How sure can we be of our model performance#

resample, train and measure

bootstrap: resample and put back
cross validation: resample and partition

from progressbar import progressbar as pbar

def bootstrap_score(estimator, X, y, test_size):
  trscores, tsscores = [], []
  for _ in range(10):
    Xtr, Xts, ytr, yts = train_test_split(X,y, test_size=test_size)
    estimator.fit(Xtr, ytr)
    trscores.append(rel_mrae(estimator, Xtr, ytr))
    tsscores.append(rel_mrae(estimator, Xts, yts))

  return (np.mean(trscores), np.std(trscores)), (np.mean(tsscores), np.std(tsscores))

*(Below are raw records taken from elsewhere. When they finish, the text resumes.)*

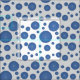 Blåstickade cirklar på vit bakgrund tyg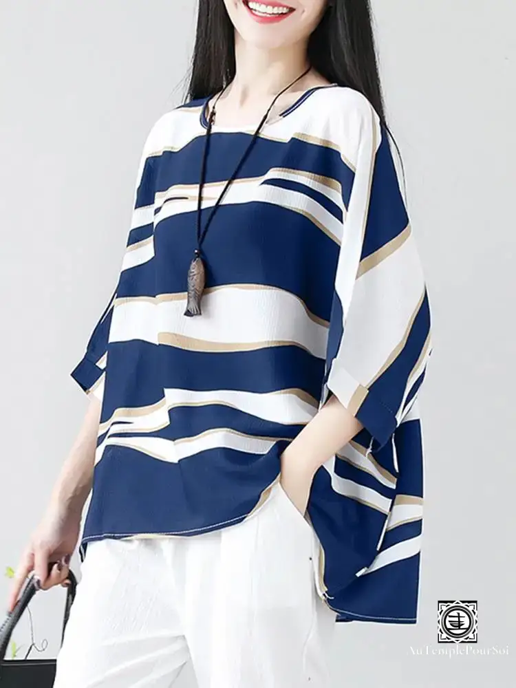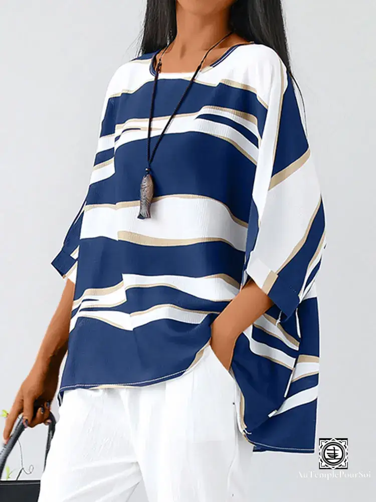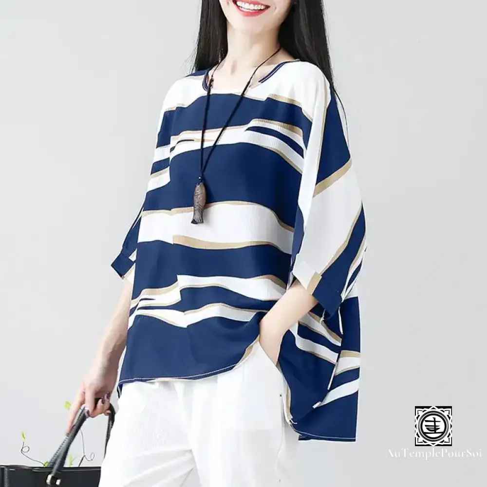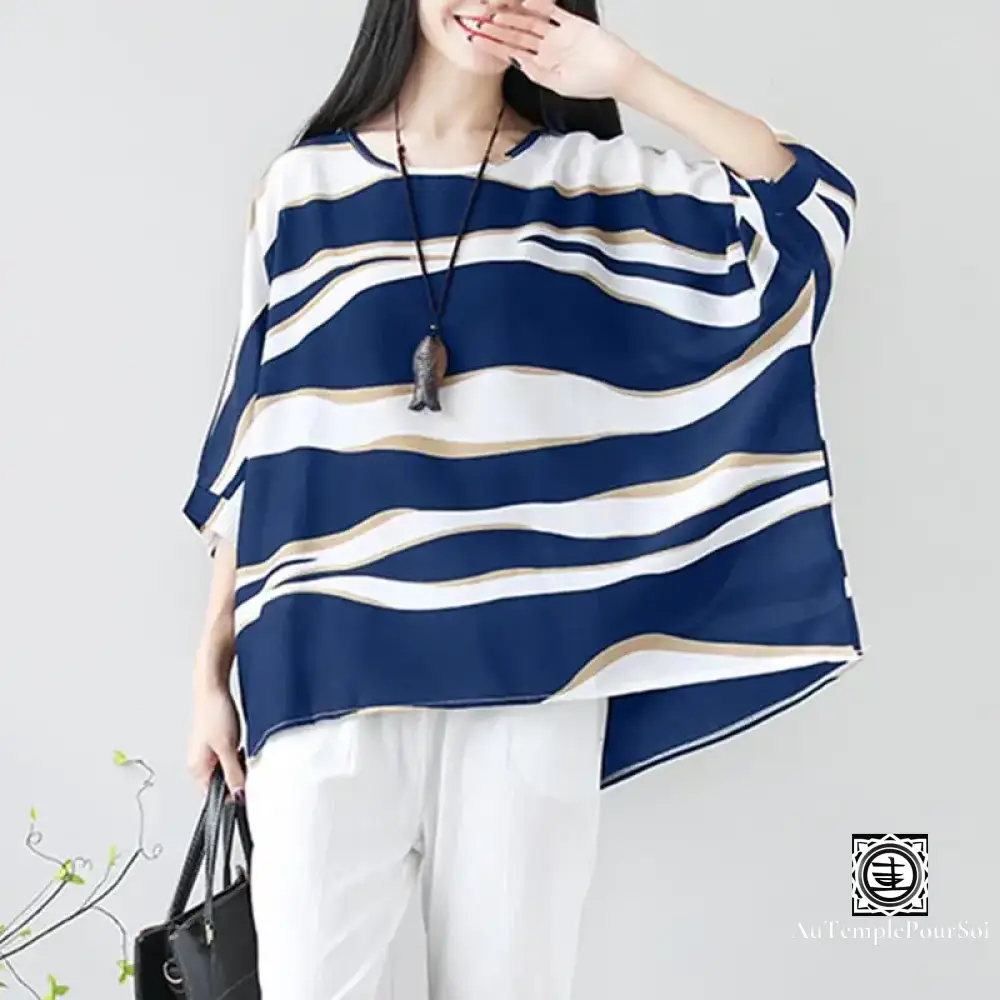 Offrez-vous l’élégance d’un chemisier haut de gamme au design fluide et raffiné. Conçu pour les femmes à la recherche d’un style chic et confortable, ce modèle ample se distingue par son imprimé graphique bleu et doré, idéal pour sublimer votre silhouette avec modernité. Sa coupe oversize apporte une liberté de mouvement inégalée, parfaite pour un look sophistiqué et décontracté à la fois.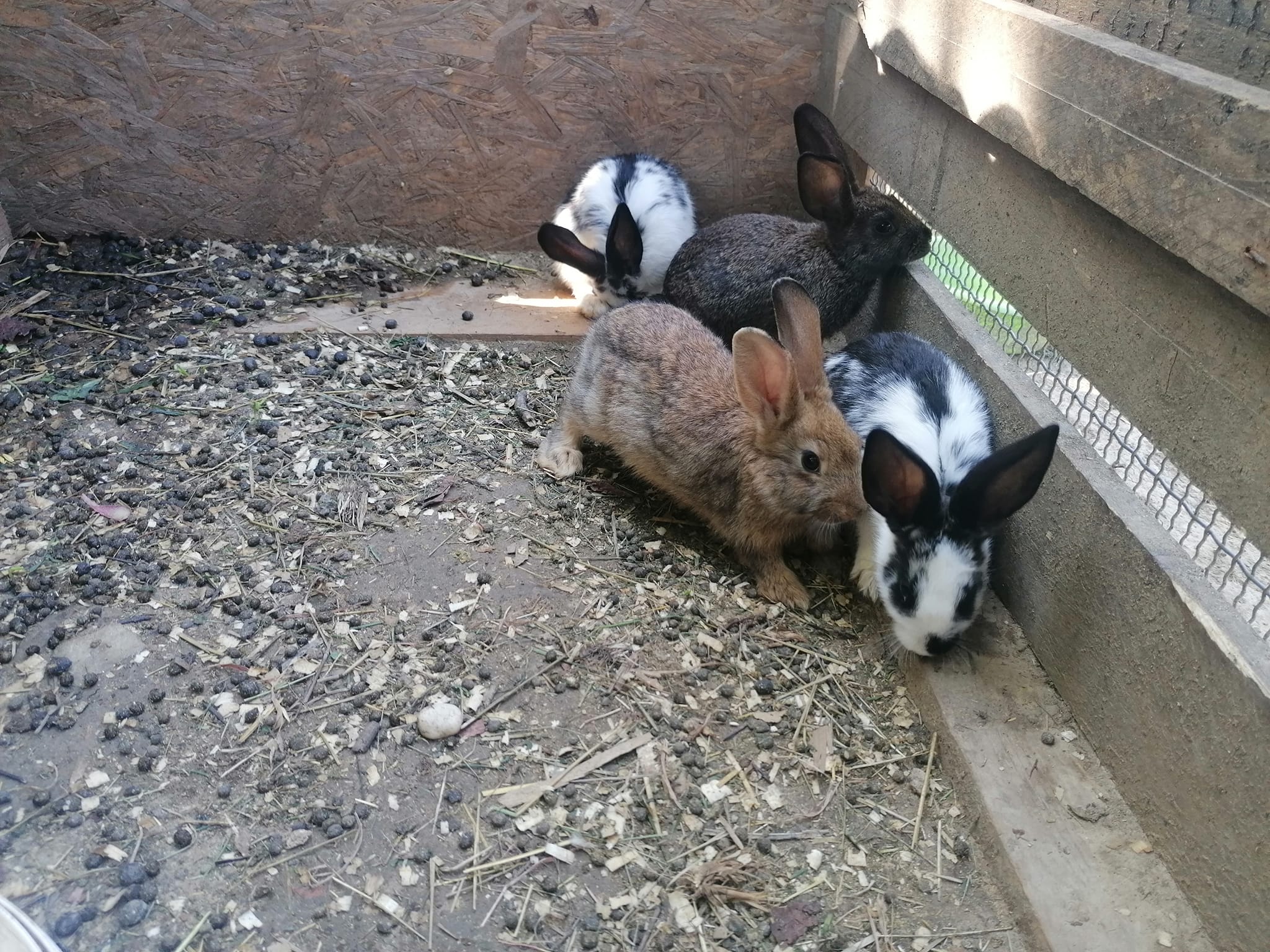 Házi nyuszik és oroszlán fejű törpe nyúl.

estimator = LinearRegression()
(trmean, trstd), (tsmean, tsstd) = bootstrap_score(estimator, X, y, test_size=0.3)
print ("train score %.3f (±%.4f)"%(trmean, trstd))
print ("test score  %.3f (±%.4f)"%(tsmean, tsstd))

train score 0.469 (±0.0097)
test score  0.452 (±0.0255)

the sklearn library provides several validation methods

Bootstrapping: data is sampled randomly at every split

from sklearn.model_selection import ShuffleSplit, KFold,cross_val_score

ss = ShuffleSplit(n_splits=3, test_size=0.3)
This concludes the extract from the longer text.